The Transformed Item Difficulties (TID) method, also known as Angoff's Delta method (Angoff, 1982; Angoff and Ford, 1973) allows for detecting uniform
differential item functioning without requiring an item response model approach.
The Data is a matrix whose rows correspond to the subjects and columns to the items.
In addition, Data can hold the vector of group membership. If so, group indicates the column of Data which corresponds to the group
membership, either by specifying its name or by giving the column number. Otherwise, group must be a vector of same length as nrow(Data).
Missing values are allowed for item responses (not for group membership) but must be coded as NA values. They are discarded from the computation of
proportions of success.
The vector of group membership must hold only two different values, either as numeric or character. The focal group is defined by
the value of the argument focal.name.
Alternatively, one can provide the matrix of proportions of success in for each item in each group. This matrix must have the same format as that provided to
the trItemDiff function; see the corresponding help file for further details.
The threshold (or cut-score) for classifying items as DIF must be supplied through the thrTID argument. The default value is 1.5, as being one of the most
commonbly used values (e.g. Facon and Nuchadee, 2010; Muniz, Hambleton, and Xing, 2001; Robin, Sirecci, and Hambleton, 2003). Other values can be specified instead.
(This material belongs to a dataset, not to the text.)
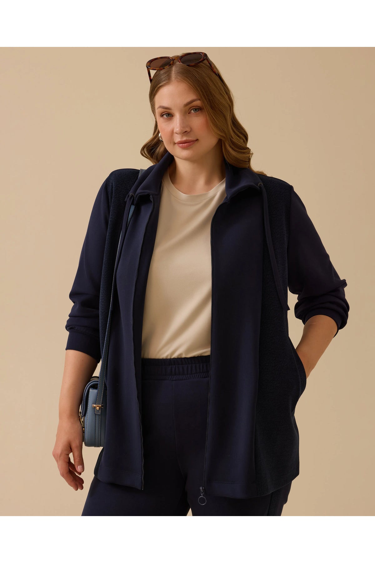 Büyük Beden Çift Kumaşlı Fermuarlı Ceket, rahat kalıbı ve modern tasarımıyla konfor sunar.
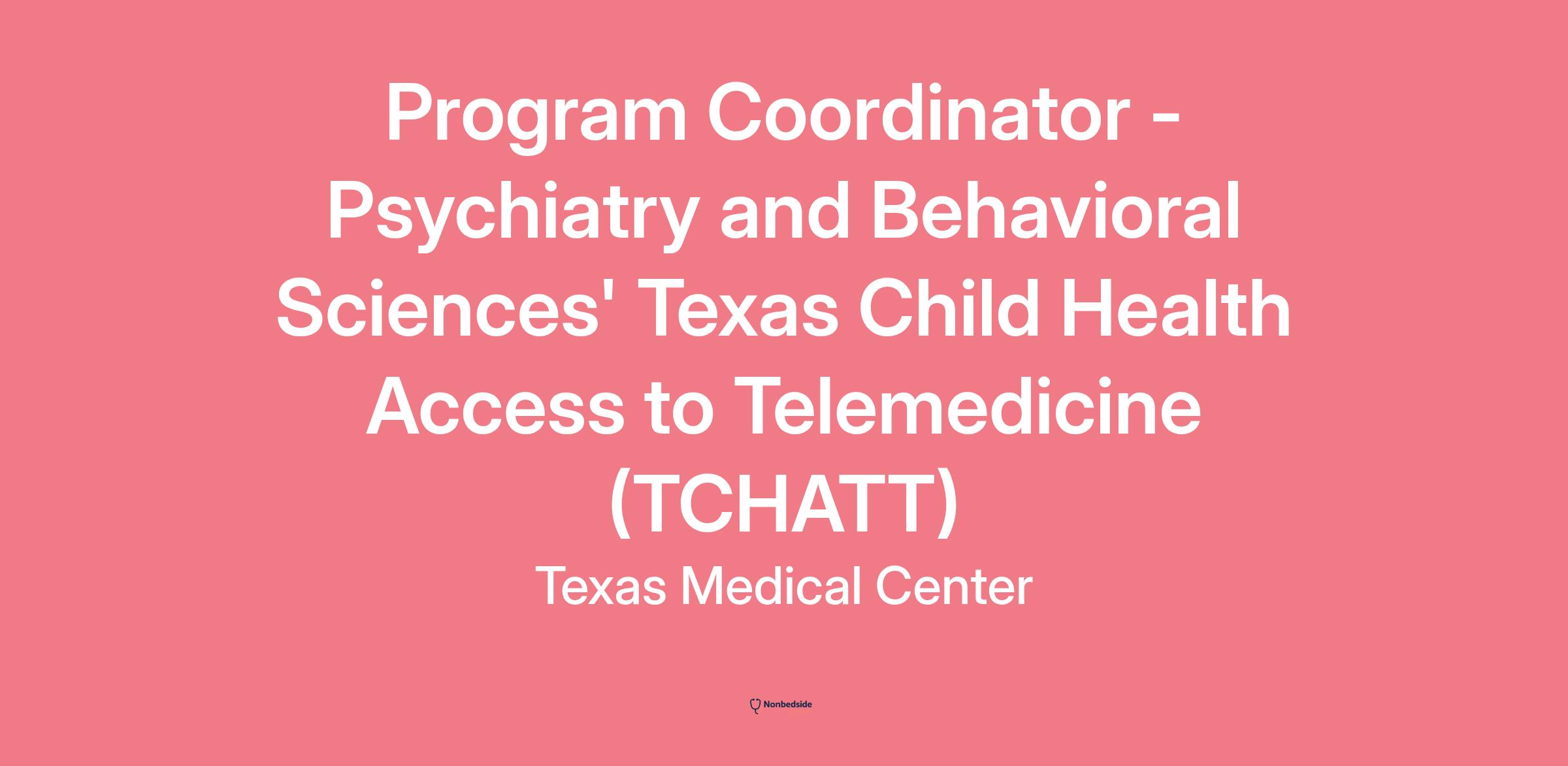 The Program Coordinator in the Texas Child Health Access to Telemedicine (TCHATT) Program is responsible for all outreach to ensure the achievement of assigned TCMHCC goals and objectives. Outreach includes monthly marketing to schools, virtual meetings, phone conferences, in person presentations and events, and must be comfortable with a flexible work schedule that can include some weekends and evenings.

Item purification can be performed by setting purify to TRUE. Purification works as follows: if at least one item was detected as functioning
differently at some step of the process, then the intercept and slope parameters of the major axis are re-computed by discarding all items previously flagged as
DIF. All perpendicular distances are then re-computed for all items. The process stops when either two successive applications of the method yield the same
classifications of the items, or when nrIter iterations are run without obtaining two successive identical classifications. In the latter case a warning
message is printed.
A pre-specified set of anchor items can be provided through the anchor argument. It must be a vector of either item names (which must match exactly the column names of Data argument) or integer values (specifying the column numbers for item identification). In case anchor items are provided, they are used to compute the intercept and slope parameters of the major axis. None of the anchor items are tested for DIF: the output separates anchor items and tested items and DIF results are returned only for the latter. Note also that item purification is not activated when anchor items are provided (even if purify is set to TRUE). By default it is NULL so that no anchor item is specified.
The output of the difTID, as displayed by the print.TID function, can be stored in a text file provided that save.output is set to TRUE
(the default value FALSE does not execute the storage). In this case, the name of the text file must be given as a character string into the first component
of the output argument (default name is "out"), and the path for saving the text file can be given through the second component of output. The
default value is "default", meaning that the file will be saved in the current working directory. Any other path can be specified as a character string:
see the Examples section for an illustration.
Two types of plots are available through the plot.TID function. If the argument plot is set to "dist" (the default value), then the
perpendicular distances are represented on the Y axis of a scatter plot, with each item on the X axis. If plot is set to "delta", the Delta plot is
returned, that is, the scatter plot of pairs of Delta scores for each item, with the reference group on the X axis and the focal group on the Y axis. The type of
point and the color are fixed by the usual pch and col arguments. Option number permits to display the item numbers instead. Detection
thresholds are also printed. Also, the plot can be stored in a figure file, either in PDF or JPEG format. Fixing save.plot to TRUE allows this
process. The figure is defined through the components of save.options. The first two components perform similarly as those of the output argument.
The third component is the figure format, with allowed values "pdf" (default) for PDF file and "jpeg" for JPEG file.